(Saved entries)
######
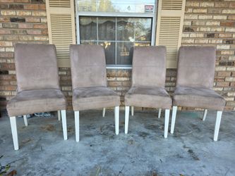 Velvet Suede Upholstered Accent Dining Chairs Beige White Legs Set of 4
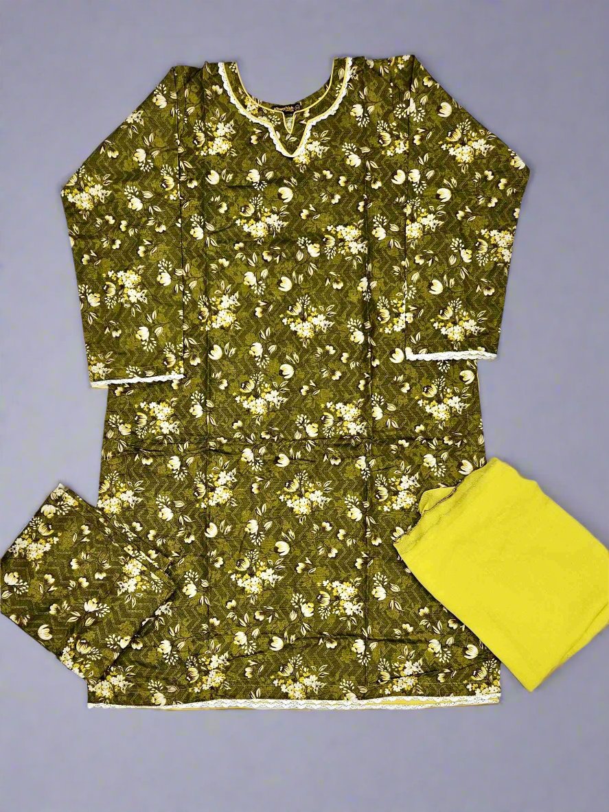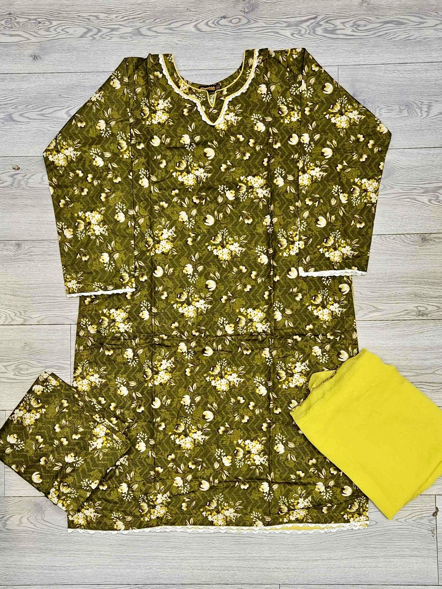 Sea Green & Mint Linen Viscose Suit | Orange Pink Symmetrical Print | Chikan Embroidery | Sizes Up to 8XL
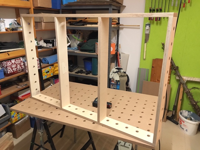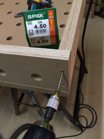 Abschliessend habe ich die Rahmenteile zusammengesteckt und die Eck- und T-Verbindungen zusätzlich zu den Holzdübeln mit SPAX T-Star verschraubt.
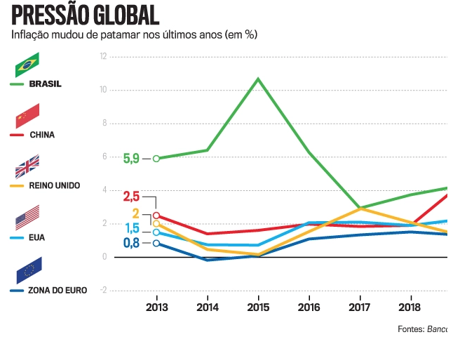 Como resultado, a zona do euro alcançou a maior inflação da sua história, com uma alta de 10,62% no acumulado de doze meses até outubro do ano passado, e os Estados Unidos enfrentaram uma alta persistente de 6,4% em 2022, capaz de atrapalhar os planos políticos do presidente Joe Biden. Já o Brasil atingiu um preocupante índice de 10,06% em 2021, enquanto no ano passado o IPCA ficou em 5,79%, ainda acima da meta estipulada de 3,5% pelo BC. Em escala global, estima-se que o índice de inflação seguirá no patamar de 5%, nos países desenvolvidos, mais que o dobro do registrado nos últimos anos. Mais do que um desarranjo episódico, o fenômeno já é encarado por economistas, empresários e financistas como uma realidade que deve perdurar por um prazo ainda indefinido.
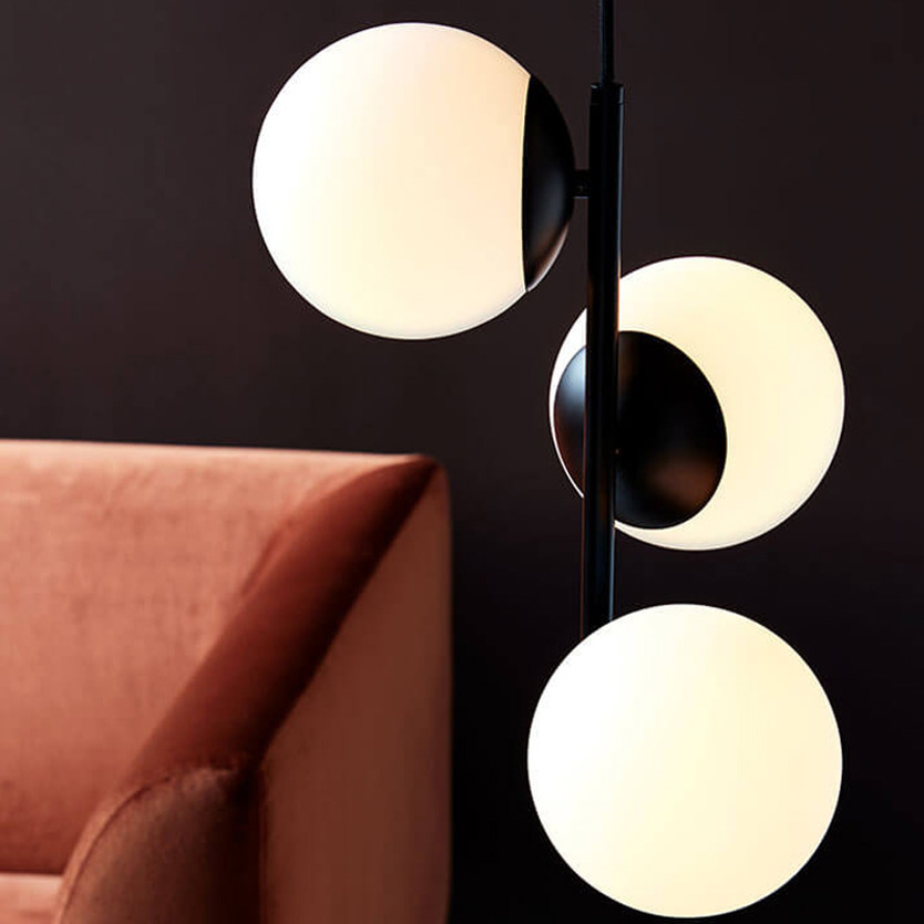 Product Code: 6N48603003 Light source: 3 x 40W | E14 Materials: Metal, glass Dimensions: H 365mm x W 320mm x Ø 150mm | 2000mm Suspension Lilly is a highly decorative series that combines simplicity and elegance in the finest possible manner. There is an ease to the interplay of the minimalist frame and the elegant, luminous glass domes where the opal white glass lets a warm and pleasant light penetrate it. Also available in a brass finish. Also available in a wall light version (price varies) IP20 Designed in Denmark Globes not included For trade enquiries, please contact us below. |
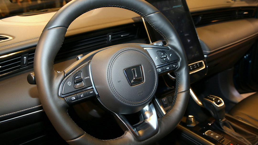 12寸中控屏幕虽然尺寸大,但同时也有不小的边框,加上下部的物理按键,颇有一种5年前触屏手机的感觉。它其实更像是一台大车pad,支持亿联手机互联,不支持国内消费者更常用的Carplay以及Android Auto互联映射。
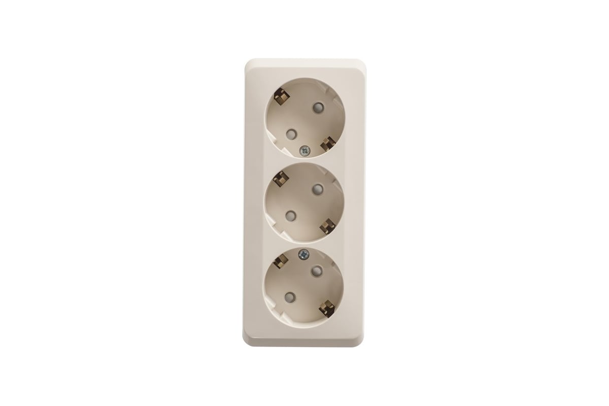 Розетка Systeme Electric (ранее Schneider Electric) ЭТЮД (кремовый, открытой установки) трёхместная с заземлением и шторкам.
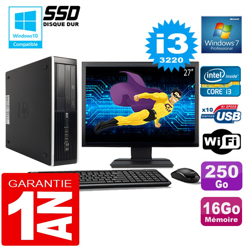 PC HP Compaq 8300 SFF Core I3-3220 Ram 16Go Disque 250 Go Wifi W7 Ecran 27"
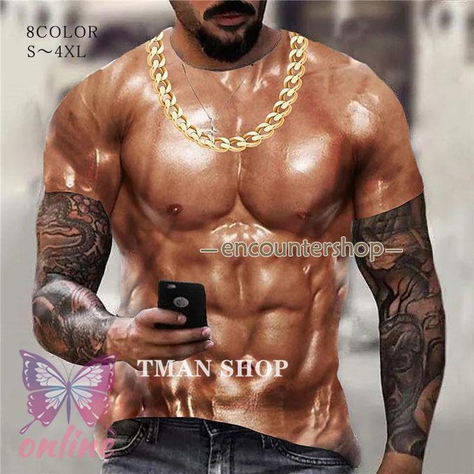 tシャツ 半袖 コスプレ 仮装 メンズ 筋肉服 マッチョ 偽筋肉 偽腹筋 グラマー男性 イケメン筋肉 おもしろ お祭り 忘年会 宴会 夏 新年会
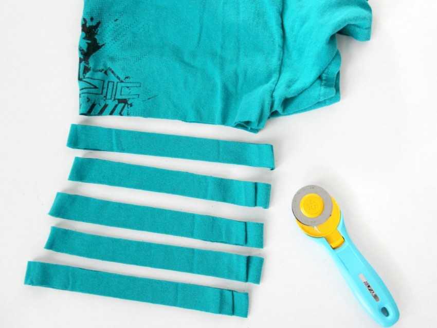 Шаг 1  | Подготовьте полоски трикотажной ткани: отпорите у футболок рукава и горловину, распорите швы. Нарежьте их с помощью острых портняжных ножниц на полоски шириной 3-4 см. Длина полос зависит от того, насколько длинный ворс вы хотите получить, достаточно 10-25 см с учетом завязывания узла и дальнейшего выравнивания. |
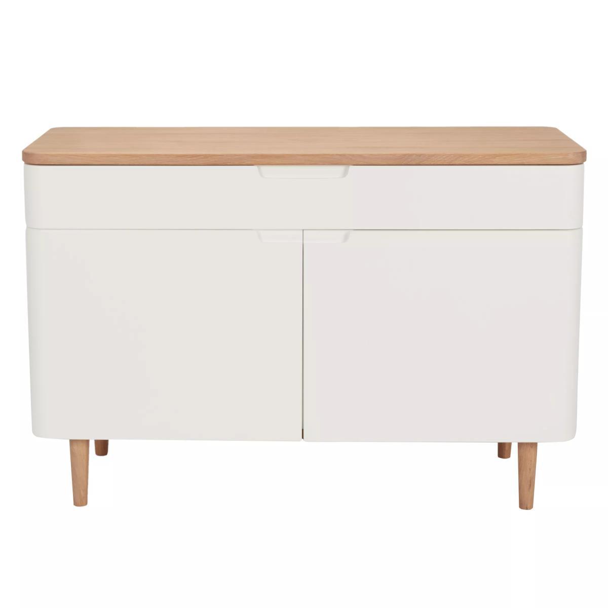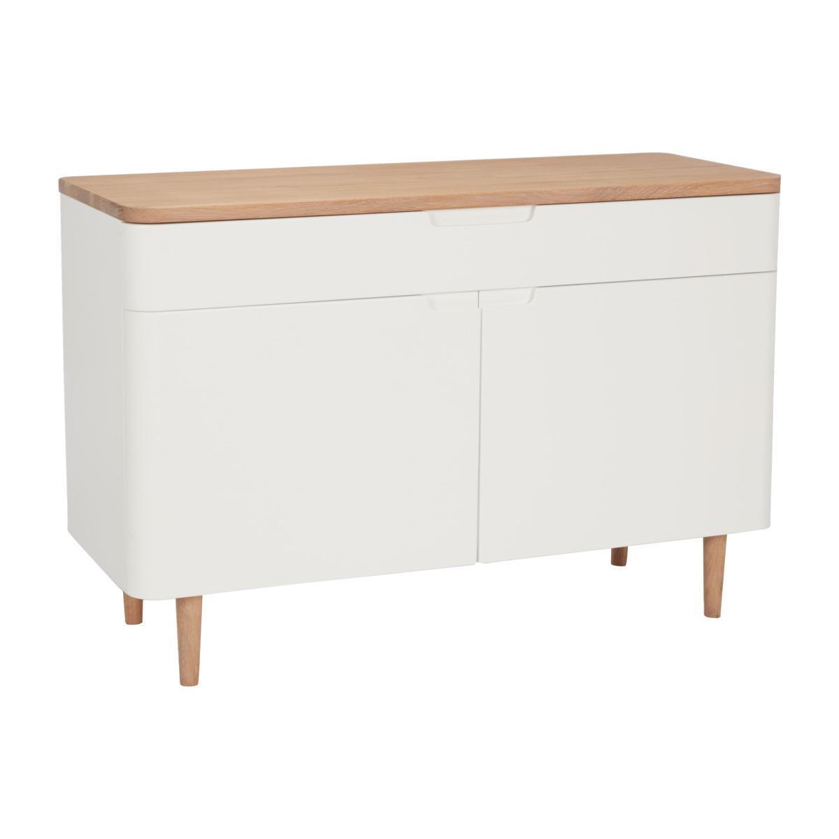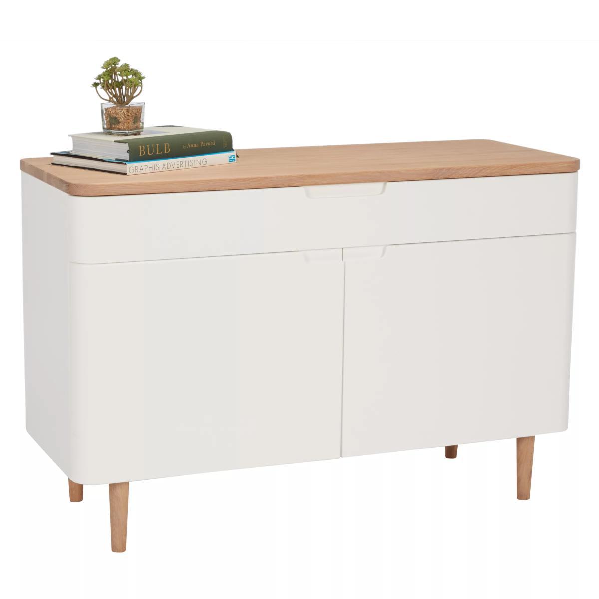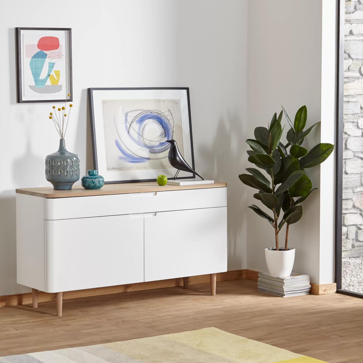 With a simple design that blends both Mid-Century and Scandi-inspired styles, this sideboard will draw the eye in smaller spaces. It's made from hard-wearing solid oak with the addition of MDF and oak veneers and there's plenty of storage space thanks to a divided draw and cupboard section. We like the sleek, tapered legs and rounded edges as it gives the frame a softer look. Plus, the painted front adds a modern contrast. Want to see it first? You may want to see and get a feel for the furniture in one of our shops before ordering. We'll be able to tell you where the range you'd like to view is on display.
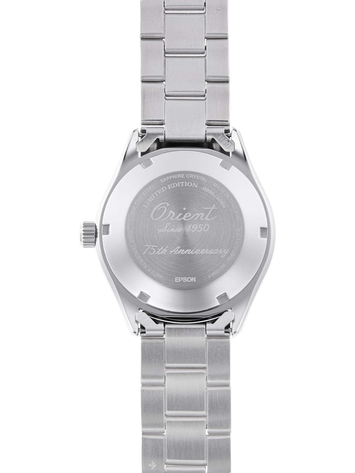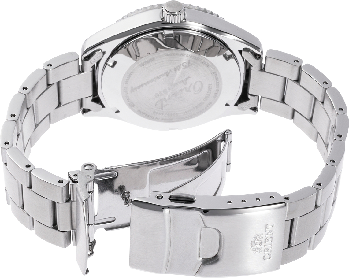 Мужские механические часы с автоподзаводом. Лимитированная серия, подготовленная к 75-ти летию Orient, 6000 экземпляров. В механизме 22 камня, частота 21600 полуколебаний в час. Запас хода 40 часов. Функция stop-second. Возможность ручного завода. Циферблат защищен прочным сапфировым стеклом, устойчивым к потертостям и царапинам. Безель вращается на 120 щелчков в одном направлении. Присутствует окошко даты. Завинчивающиеся заводная головка и задняя крышка. Браслет с раскладывающейся застежкой, застежка с системой блокировки, обхват запястья от 140 до 200 мм. Вес часов 165 грамм. Гарантия 2 года.
######
● WHAT TO PRODUCE
Set down the entries above exactly; no pictures belong in the copy.

● WRITTEN ANSWER
 Velvet Suede Upholstered Accent Dining Chairs Beige White Legs Set of 4
 Sea Green & Mint Linen Viscose Suit | Orange Pink Symmetrical Print | Chikan Embroidery | Sizes Up to 8XL
 Abschliessend habe ich die Rahmenteile zusammengesteckt und die Eck- und T-Verbindungen zusätzlich zu den Holzdübeln mit SPAX T-Star verschraubt.
 Como resultado, a zona do euro alcançou a maior inflação da sua história, com uma alta de 10,62% no acumulado de doze meses até outubro do ano passado, e os Estados Unidos enfrentaram uma alta persistente de 6,4% em 2022, capaz de atrapalhar os planos políticos do presidente Joe Biden. Já o Brasil atingiu um preocupante índice de 10,06% em 2021, enquanto no ano passado o IPCA ficou em 5,79%, ainda acima da meta estipulada de 3,5% pelo BC. Em escala global, estima-se que o índice de inflação seguirá no patamar de 5%, nos países desenvolvidos, mais que o dobro do registrado nos últimos anos. Mais do que um desarranjo episódico, o fenômeno já é encarado por economistas, empresários e financistas como uma realidade que deve perdurar por um prazo ainda indefinido.
 Product Code: 6N48603003 Light source: 3 x 40W | E14 Materials: Metal, glass Dimensions: H 365mm x W 320mm x Ø 150mm | 2000mm Suspension Lilly is a highly decorative series that combines simplicity and elegance in the finest possible manner. There is an ease to the interplay of the minimalist frame and the elegant, luminous glass domes where the opal white glass lets a warm and pleasant light penetrate it. Also available in a brass finish. Also available in a wall light version (price varies) IP20 Designed in Denmark Globes not included For trade enquiries, please contact us below. |
 12寸中控屏幕虽然尺寸大,但同时也有不小的边框,加上下部的物理按键,颇有一种5年前触屏手机的感觉。它其实更像是一台大车pad,支持亿联手机互联,不支持国内消费者更常用的Carplay以及Android Auto互联映射。
 Розетка Systeme Electric (ранее Schneider Electric) ЭТЮД (кремовый, открытой установки) трёхместная с заземлением и шторкам.
 PC HP Compaq 8300 SFF Core I3-3220 Ram 16Go Disque 250 Go Wifi W7 Ecran 27"
 tシャツ 半袖 コスプレ 仮装 メンズ 筋肉服 マッチョ 偽筋肉 偽腹筋 グラマー男性 イケメン筋肉 おもしろ お祭り 忘年会 宴会 夏 新年会
 Шаг 1  | Подготовьте полоски трикотажной ткани: отпорите у футболок рукава и горловину, распорите швы. Нарежьте их с помощью острых портняжных ножниц на полоски шириной 3-4 см. Длина полос зависит от того, насколько длинный ворс вы хотите получить, достаточно 10-25 см с учетом завязывания узла и дальнейшего выравнивания. |
 With a simple design that blends both Mid-Century and Scandi-inspired styles, this sideboard will draw the eye in smaller spaces. It's made from hard-wearing solid oak with the addition of MDF and oak veneers and there's plenty of storage space thanks to a divided draw and cupboard section. We like the sleek, tapered legs and rounded edges as it gives the frame a softer look. Plus, the painted front adds a modern contrast. Want to see it first? You may want to see and get a feel for the furniture in one of our shops before ordering. We'll be able to tell you where the range you'd like to view is on display.
 Мужские механические часы с автоподзаводом. Лимитированная серия, подготовленная к 75-ти летию Orient, 6000 экземпляров. В механизме 22 камня, частота 21600 полуколебаний в час. Запас хода 40 часов. Функция stop-second. Возможность ручного завода. Циферблат защищен прочным сапфировым стеклом, устойчивым к потертостям и царапинам. Безель вращается на 120 щелчков в одном направлении. Присутствует окошко даты. Завинчивающиеся заводная головка и задняя крышка. Браслет с раскладывающейся застежкой, застежка с системой блокировки, обхват запястья от 140 до 200 мм. Вес часов 165 грамм. Гарантия 2 года.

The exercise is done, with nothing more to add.